**WHAT THE TASK REQUIRES**
The response must consist of the lines below from the one with "Richard Mille RM53-01" through the one with "11、下方区域会显示分区稳定", exactly as they appear and with both ends kept.

(Records from a dataset)
═══

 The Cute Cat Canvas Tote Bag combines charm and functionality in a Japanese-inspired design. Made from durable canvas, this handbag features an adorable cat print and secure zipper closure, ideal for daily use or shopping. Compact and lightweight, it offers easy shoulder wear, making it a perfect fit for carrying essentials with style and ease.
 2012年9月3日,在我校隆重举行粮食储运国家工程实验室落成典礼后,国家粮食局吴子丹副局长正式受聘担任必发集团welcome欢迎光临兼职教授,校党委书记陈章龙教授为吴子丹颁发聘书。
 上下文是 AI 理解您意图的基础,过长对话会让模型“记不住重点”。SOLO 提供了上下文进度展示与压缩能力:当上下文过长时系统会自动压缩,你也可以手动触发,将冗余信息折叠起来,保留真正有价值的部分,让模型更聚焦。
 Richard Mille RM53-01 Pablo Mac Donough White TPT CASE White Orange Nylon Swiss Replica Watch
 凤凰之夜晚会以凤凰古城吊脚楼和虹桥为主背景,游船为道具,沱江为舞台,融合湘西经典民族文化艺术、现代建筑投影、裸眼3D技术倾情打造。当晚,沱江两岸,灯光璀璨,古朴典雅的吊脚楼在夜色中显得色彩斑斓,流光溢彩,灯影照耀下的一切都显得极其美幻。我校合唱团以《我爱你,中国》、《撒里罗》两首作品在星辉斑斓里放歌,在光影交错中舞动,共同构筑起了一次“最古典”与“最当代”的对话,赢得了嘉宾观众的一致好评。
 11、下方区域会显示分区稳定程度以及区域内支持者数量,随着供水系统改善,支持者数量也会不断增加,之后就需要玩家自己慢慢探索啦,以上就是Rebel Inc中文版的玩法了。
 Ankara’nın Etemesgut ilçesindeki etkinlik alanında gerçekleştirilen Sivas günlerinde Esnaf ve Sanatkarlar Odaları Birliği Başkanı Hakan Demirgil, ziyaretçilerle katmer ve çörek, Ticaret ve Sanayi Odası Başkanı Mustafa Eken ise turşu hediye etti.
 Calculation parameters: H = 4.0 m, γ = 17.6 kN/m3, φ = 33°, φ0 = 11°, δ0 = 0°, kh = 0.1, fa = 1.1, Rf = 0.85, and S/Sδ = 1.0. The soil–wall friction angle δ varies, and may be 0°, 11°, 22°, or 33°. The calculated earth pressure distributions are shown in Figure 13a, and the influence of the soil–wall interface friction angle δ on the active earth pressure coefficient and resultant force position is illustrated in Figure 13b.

═══

**SOLUTION TO THIS TASK**
 Richard Mille RM53-01 Pablo Mac Donough White TPT CASE White Orange Nylon Swiss Replica Watch
 凤凰之夜晚会以凤凰古城吊脚楼和虹桥为主背景,游船为道具,沱江为舞台,融合湘西经典民族文化艺术、现代建筑投影、裸眼3D技术倾情打造。当晚,沱江两岸,灯光璀璨,古朴典雅的吊脚楼在夜色中显得色彩斑斓,流光溢彩,灯影照耀下的一切都显得极其美幻。我校合唱团以《我爱你,中国》、《撒里罗》两首作品在星辉斑斓里放歌,在光影交错中舞动,共同构筑起了一次“最古典”与“最当代”的对话,赢得了嘉宾观众的一致好评。
 11、下方区域会显示分区稳定程度以及区域内支持者数量,随着供水系统改善,支持者数量也会不断增加,之后就需要玩家自己慢慢探索啦,以上就是Rebel Inc中文版的玩法了。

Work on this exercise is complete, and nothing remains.